三浦騎手 勝率125 連対率230 複勝率316 騎乗数513回
福永騎手 勝率144 連対率306 複勝率436 騎乗数438回
ミルコ 勝率155 連対率277 複勝率429 騎乗数343回
ご覧のように勝率、連対率、複勝率全てにおいて福永騎手、ミルコが上回っています。騎手リーディングはご存知のように勝利数の評価です、しかも新馬・未勝利戦からG1まで1勝は1勝です。つまりある程度の能力があれば、騎乗数が多ければリーディングは上がるのです。2018年の結果を見てください、115勝で戸崎騎手が第3位です、騎乗数は883回と断トツの多さです。この年の戸崎騎手は勝率130、連対率267、複勝率377でした。第5位だった川田騎手は騎乗数561回、勝率166、連対率346、複勝率467という成績でした。さて戸崎騎手と川田騎手、どちらを上に評価しますか?

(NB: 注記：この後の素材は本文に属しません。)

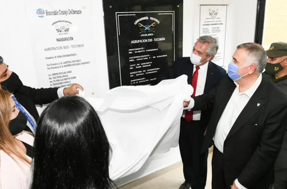 En Aguilares, el jefe de Estado fue recibido por el presidente subrogante de la Legislatura, Sergio Mansilla, y por la esposa de este e intendenta local, Elia Fernández. "La buena noticia es la puesta en marcha de un escuadrón de Gendarmería que garantiza llevar seguridad al norte, y esto brinda un mayor cuidado para los habitantes de esta parte del país. Vimos unas instalaciones espléndidas que ha hecho la Provincia y las cedió a la Gendarmería”, destacó el Presidente, tras recorrer el lugar.
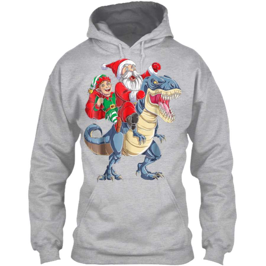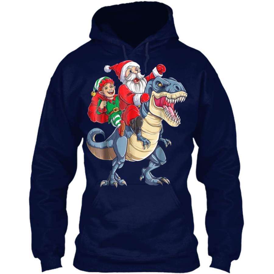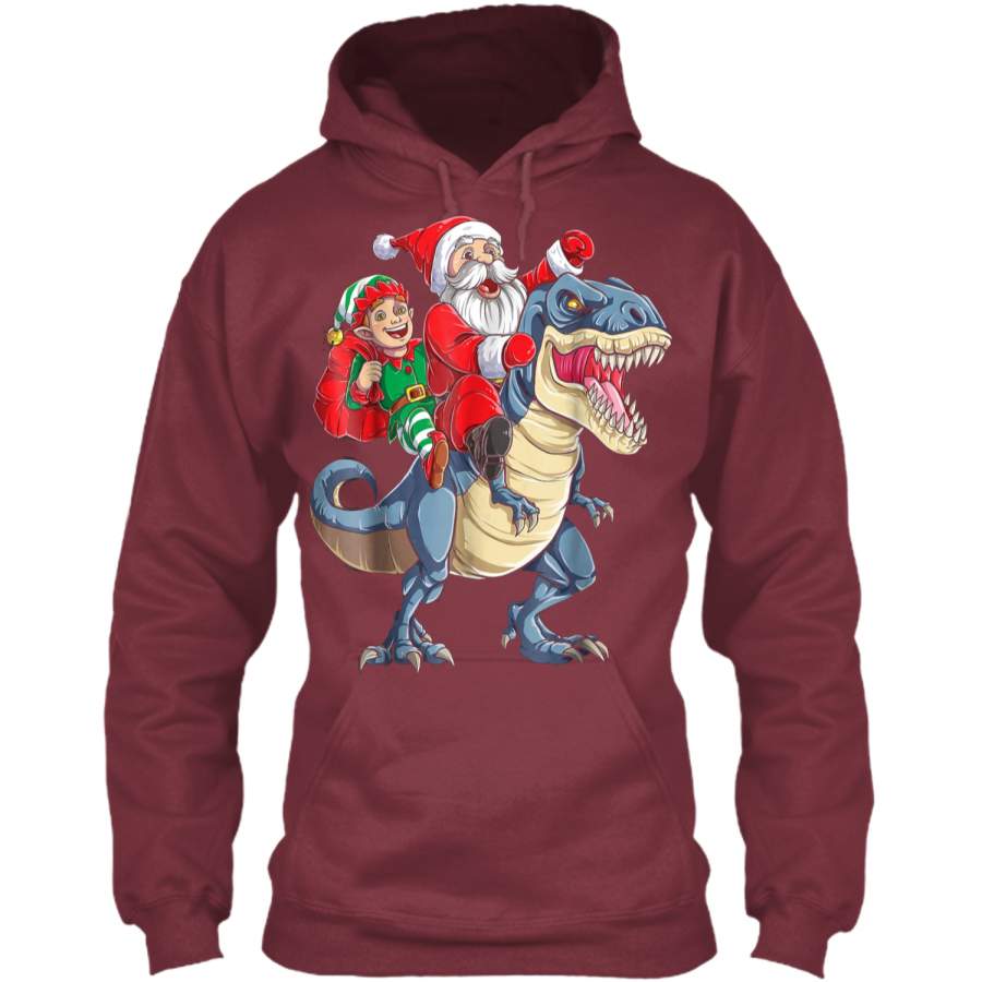 Elf Santa Dinosaur T rex Christmas kids Boys Gifts Pullover Hoodie 8 oz
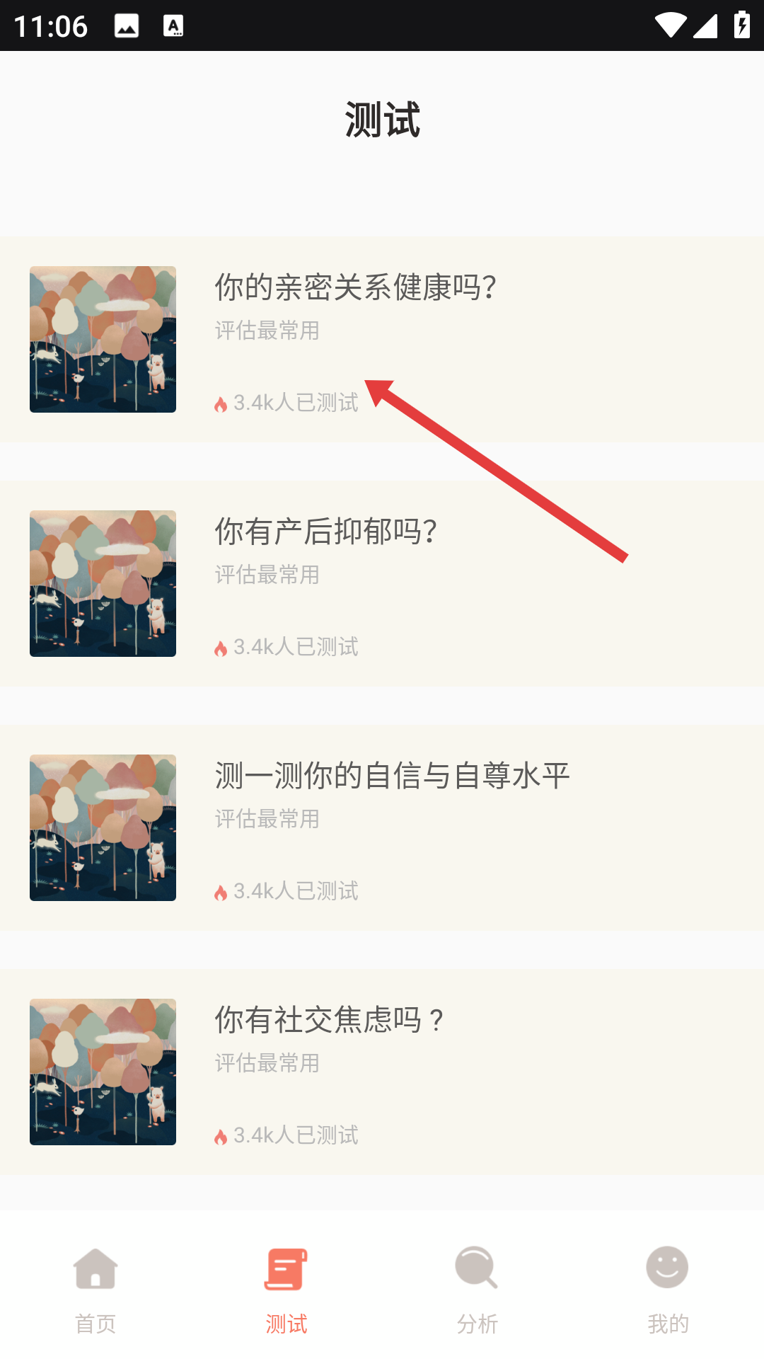 2、在测试界面中,点击【你的亲密关系健康吗?】测试项,进入该测试的介绍页面。
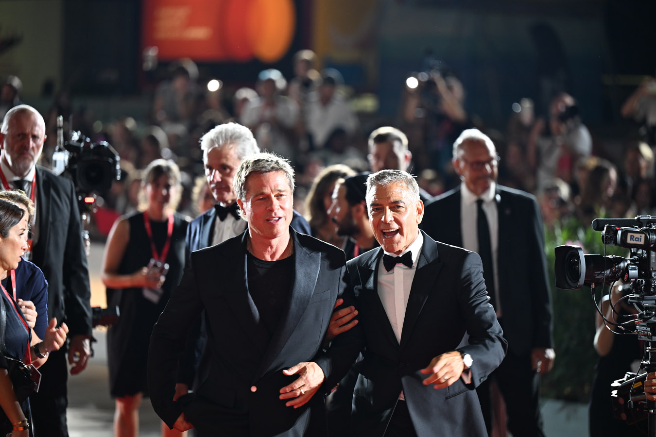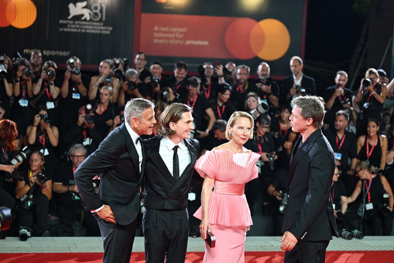 Picture this: Clooney, exuding gentlemanly elegance, and Pitt, flashing his signature laid-back grin. From the moment they arrived, it was clear that fun was going to be the evening’s main event. They even broke into an impromptu dance on the red carpet, laughing and sharing knowing glances like two old friends reuniting after years apart. The stroke of genius? Without hesitation, they joined the photographers, posing alongside them as if they were tourists on holiday, casually enjoying the glamour of the night.
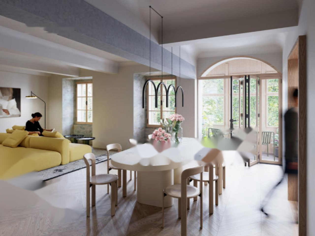 Квартира удачно сочетает в себе барочные архитектурные элементы и современные удобства. Планировка помещений включает: прихожую с местом для хранения, две спальни, гардероб, две ванные комнаты, гостиную с зоной для обедов, кухню, кабинет и гостевой санузел. Для обогрева предусмотрена конденсационная газовая котельная с регулировкой температуры в каждой комнате, а для охлаждения — кондиционер и система рециркуляции воздуха. Умные системы управления позволяют дистанционно контролировать отопление, освещение и вентиляцию.
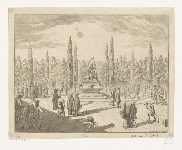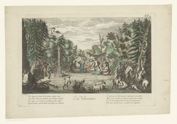 Editor: This engraving, "Grotto scene with Vulcan, from 'The marriage of the gods'" created in 1637 by Stefano della Bella, is incredibly detailed! I’m struck by the sheer number of figures and the fantastical landscape. What story do you think this image is trying to tell, especially with the figure of Vulcan present? Curator: The Grotto indeed serves as more than just a location. It's a threshold. Della Bella captures a layered reality, using the figure of Vulcan—a symbol of creation and destruction, fire and forge—to root us in a narrative that speaks of transformation. Notice how the figures, caught mid-action, suggest ritual, performance, and perhaps even the forging of alliances, literal and symbolic. Consider, what cultural narratives were alive then, where spectacle served political and social functions? Editor: The figures almost appear as if they're part of a ballet or theatrical performance. It definitely feels staged rather than like an actual event. The grotto, therefore, acts as a proscenium. Curator: Precisely! This is about more than visual documentation; it’s about constructing an ideal, infusing classical mythology with the theater of courtly life. Della Bella draws from a well of iconographic traditions, interweaving them with contemporary sensibilities. What enduring archetypes or power dynamics do you think such representations sought to reinforce, or even subtly challenge? Editor: It feels like it’s solidifying existing societal hierarchies, almost glorifying them within this mythical context, while suggesting that through transformation comes greater societal stability. Curator: Absolutely! In looking deeper into these emblems, in considering both overt symbolism and covert narratives, we begin to perceive the multi-layered messaging art carries—both as historical artifact and lasting reflection of human aspirations and tensions. Editor: It's amazing to consider how symbols carry so much intentional meaning and power. Thank you for shining a light on that for me.
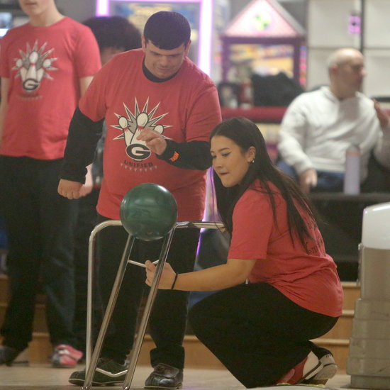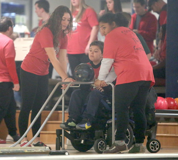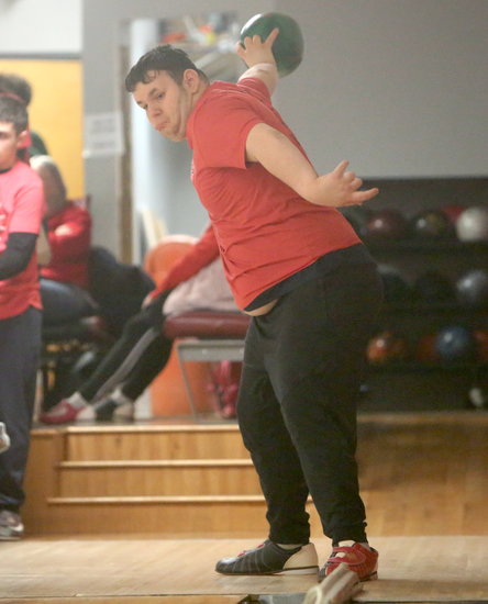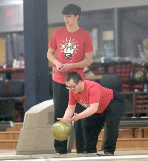 Perfect hit: Guilderland’s Anthony Petrucci watches the ball go down the ramp as teammate Teanne Zacharewicz directs it down the lane.
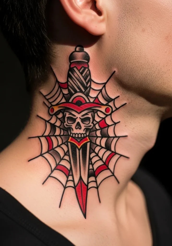This daring tattoo sits along the side of the neck, combining a dagger, a grinning skull, and a detailed spider web background. The design uses rich reds, blacks, and golds to create contrast, and the placement makes it impossible to miss. Every line is clean and confident, showing off the true boldness of the American traditional style.
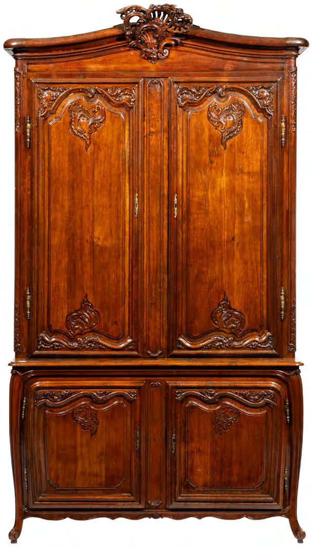 40. French Provincial Carved Walnut Armoire, 18th c., molded cornice, floral carved frieze, molded shaped paneled doors, molded scalloped apron, cabriole legs, belt of drawers, h. 103 in., w. 61 1/2 in., d. 25 1/4 in. [$1000/1500]
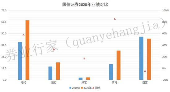 据国信证券年报,2020年营收和净利润的增幅分别为33.29%和34.73%。主要业务中,信用业务同比飙升85.20%,经纪业务同比增长56.99%,投行业务的同比增幅为32.71%;资管业务同比增幅为16.73%,而自营业务出现下降,降幅为4.70%。

もう一点先ほど新馬・未勝利戦からG1まで1勝は1勝と書きました、これが騎手リーディングの悪い点で、下級条件のレースで多くの勝利数を稼げば上位に来てしまうんですね、これでは騎手の能力は見極められないと思います。そこで見ておきたいのが1レース当たりの賞金額です。これは獲得賞金を騎乗数で割ったもので、下級条件しか勝てないようでは、数字は小さくなってしまいます。
2019年8月1日現在のデータです。順番はリーディング上位から並べます。
川田騎手 540.99万円/レース
戸崎騎手 308.42万円/レース
ルメール騎手 528.03万円/レース
武豊騎手 325.17万円/レース
三浦騎手 188.73万円/レース
福永騎手 365.43万円/レース
田辺騎手 240.22万円/レース
ミルコ騎手 378.24万円/レース
岩田騎手 218.86万円/レース
松山騎手 187.72万円/レース
三浦騎手は<平場の帝王>などと言われていますが、間違った評価ではないんですね。明らかに上位陣の中で賞金率が低い、これは上級条件のレースでは好走していないことを表しているはずです。平場の勝利数は三浦騎手51勝に対して、ルメール騎手50勝、武豊騎手45勝を上回っています。しかし重賞ではルメール騎手6勝、豊騎手3勝に対して三浦騎手は1勝です。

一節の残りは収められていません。